Elizabeth Holmes claims Amanda Seyfried ‘played a character I created’ in ‘The Dropout’ – Hollywood Reporter

Elizabeth Holmes and Amanda Seyfried in The Dropout

Elizabeth Holmes said Amanda Seyfried doesn’t actually play her in The Dropout, but rather a “character” she created.

The disgraced CEO of Theranos, who was sentenced to more than 11 years in prison, became known for her looks and voice, which consisted of red lipstick, a black turtleneck, and a distinctive way of speaking – deep and hollow.

During a new interview with The New York Times, published online Sunday, Holmes revealed what the paper called her “new personality,” Liz Holmes, who is described as speaking in a soft, “unobtrusive voice” and blending into others inserts mothers.

Speaking to the Times about actresses impersonating her in projects such as Seyfried in the Hulu miniseries The Dropout or Jennifer Lawrence, who was set to play the CEO in Adam McKay’s Bad Blood before leaving the film, Holmes said, “You don’t play with me You play a character I created.”

Seyfried also won an Emmy Award for her role in the limited series.

Holmes, who founded Theranos at the age of 19, explained that she created the Distinguished Persona because “I believed that I could be that good at business and be taken seriously and not be taken as a little girl or a girl with no good technical ideas would . … Maybe people realized that’s not authentic because it wasn’t.”

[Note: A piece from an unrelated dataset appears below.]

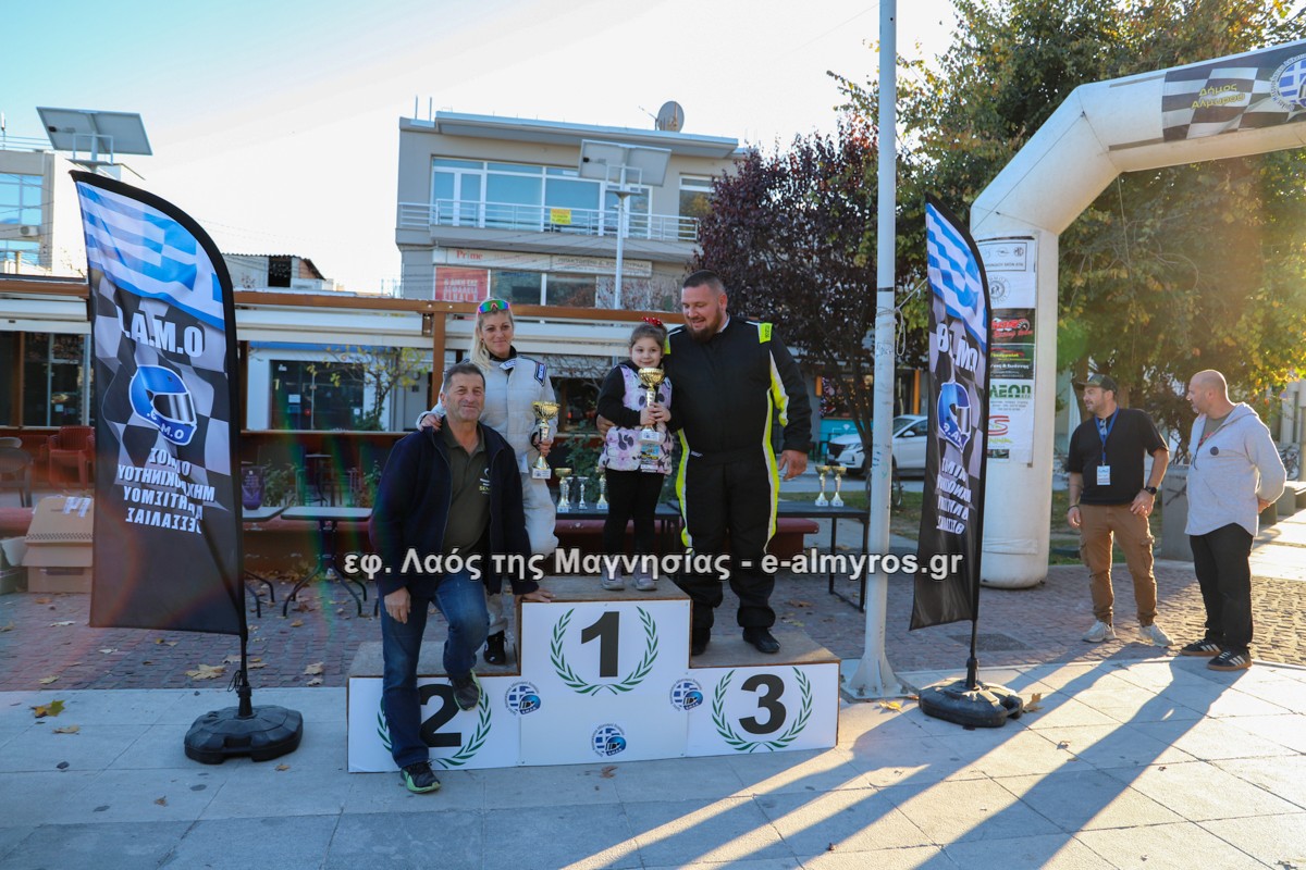 Η αυλαία του 6ου Ράλλυ Αλμυρός έπεσε στην κεντρική πλατεία της πόλης το απόγευμα της Κυριακής όπου πραγματοποιήθηκε η τελετή βραβεύσεων.

In 2022, a federal judge sentenced Holmes to more than 11 years in prison for duping investors in the failed startup that promised to revolutionize blood testing but the technology never really worked.

Throughout the company’s 15-year history, Holmes has been at the center of a program designed to tout Theranos’ blood-testing system as a healthcare breakthrough — a medical device that the company claimed could detect a variety of diseases and conditions with just a few drops Blood. The technology helped Theranos raise nearly $1 billion from investors, and Holmes became the world’s youngest self-made billionaire at the time with a fortune of $4.5 billion based on her 50 percent stake in Theranos.

But after the Wall Street Journal published an investigation into Theranos in 2015, questioning whether the technology really worked, everything fell apart, eventually leading to Holmes’ conviction.

The Associated Press contributed to this report.